ANSWER: The Broom of the System
19. This play contains the Wildean line “I had no idea that poets nowadays were interested in literature,”
spoken by a character who calls Wilde an “Irish Gomorrahist.” That character has had a methodical
education, resulting in an intimate familiarity with aardvarks, abaci, and abstract art, although politically he
hasn’t gotten past anarchism. The repetition of the line “I have put the newspapers and telegrams on the
sideboard, sir” demonstrates the protagonist’s fading memory. One character in this play creates a poem by pulling
words from Shakespeare’s Sonnet 18 out of a hat. One scene in this play is spoken entirely in limericks, and another
scene is a parody of the catechism chapter of Ulysses. This play, set in Zurich, consists of the reminiscences of
Henry Carr. For 10 points, name this Tom Stoppard play whose characters include Vladimir Lenin, Tristan Tzara,
and James Joyce.
ANSWER: Travesties
20. In this novel, a Mexican economist-historian is too proud to help his sick wife, forcing the narrator to drag
her along the street behind him, leaving a trail of urine. One character in this novel is cured of his phobia of
wheeled vehicles by going around and hitting children. Another character is a priest who thinks masturbation
isn’t a sin, founds an academy for prostitutes, and wins a fight by throwing hot pepper in Jaime Concha’s eyes.
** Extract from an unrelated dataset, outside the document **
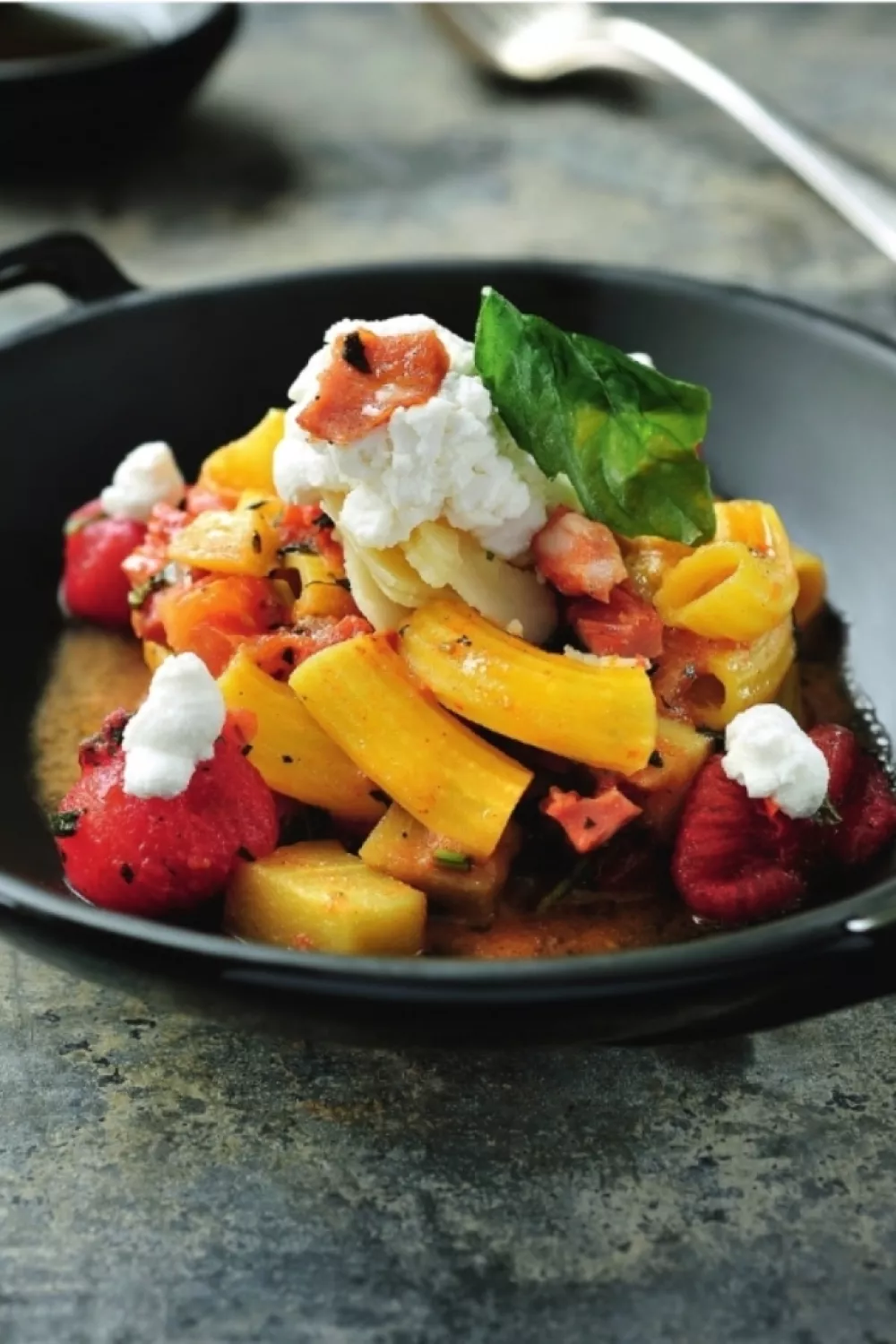 Werk de saus af met de rest van de basilicum. Giet de pasta af en roer door de saus. Schep de mortadella en mozzarella eronder en verdeel over 2 borden.

In this novel, a Jehovah’s Witness named Gumercindo Tello threatens to castrate himself to prove that he didn’t rape
Sarita. One of the title characters has an irrational hatred for Argentines and works at his typewriter for ten hours a
day, which is why he confuses the characters in his stories with each other. Those stories are written as serials for
Radio Panamericana. For 10 points, name this novel about Mario Varguitas and Pedro Camacho, written by Mario
Vargas Llosa.
ANSWER: Aunt Julia and the Scriptwriter [or La tía Julia y el escribidor]
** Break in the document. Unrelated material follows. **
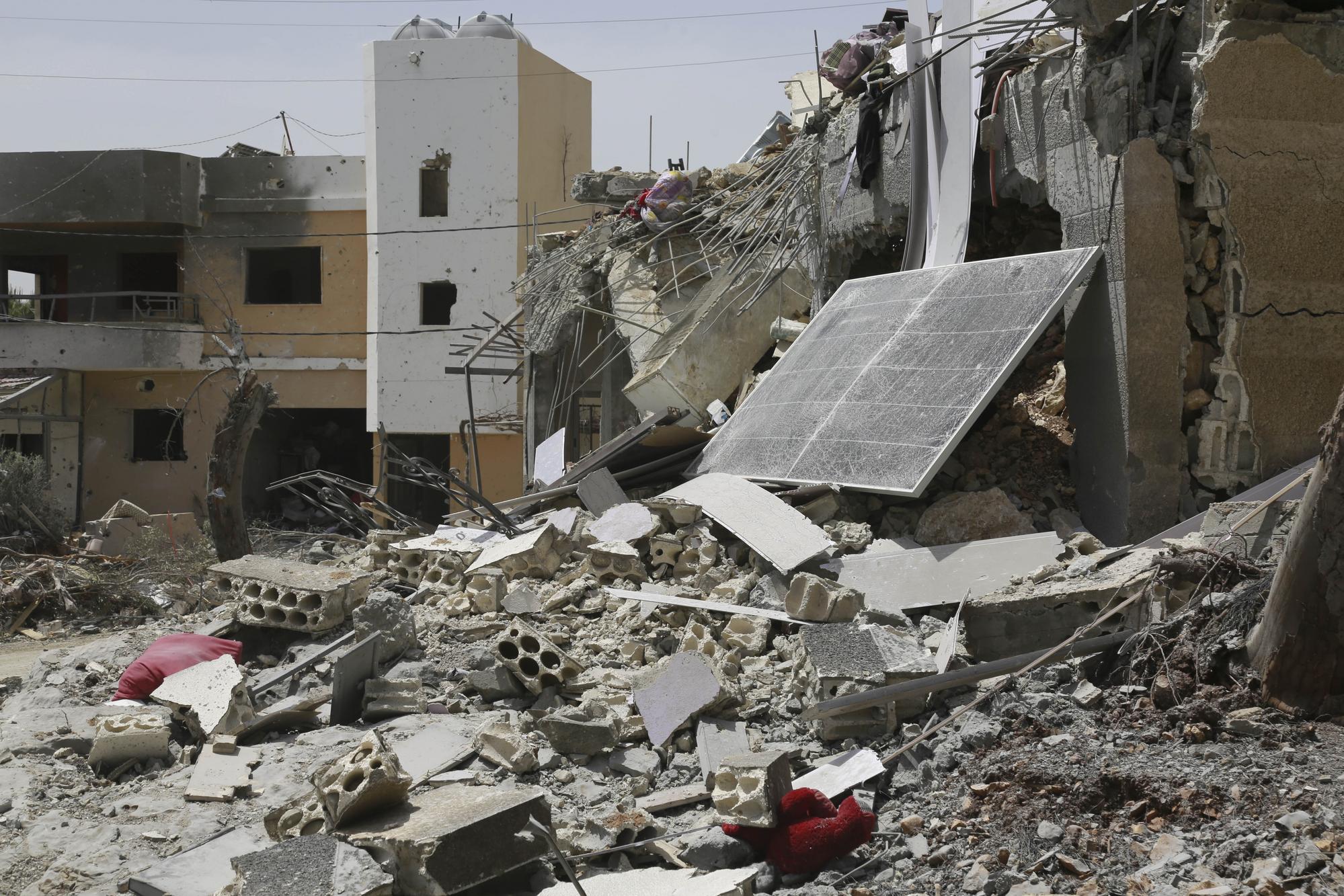 这是4月25日在黎巴嫩阿尔马沙卜拍摄的在以色列袭击中被摧毁的建筑物。新华社发(塔希尔·阿布·哈姆丹摄)

TB. The narrator of this book calls Kamehameha III a “fat, lazy, negro-looking blockhead.” In one scene, the
narrator fashions a makeshift pop-gun which delights the people with whom he is living. The narrator of this
book describes a building frequented by several extremely old greenish men; that building, called the Ti, is
inaccessible to women. The narrator of this book witnesses a ritual which he calls the Feast of Calabashes, and he
encounters people such as the beautiful Fayaway and the dutiful servant Kory-Kory. At the beginning of this book,
the narrator escapes from the Dolly with his friend Toby, and they try to find the valley of the Happar, but end up in
the valley of the title tribe instead. This book’s sequel, which shares its name with a tree which grows on Nuku
Hiva, is called Omoo. For 10 points, name this “peep at Polynesian life” by Herman Melville.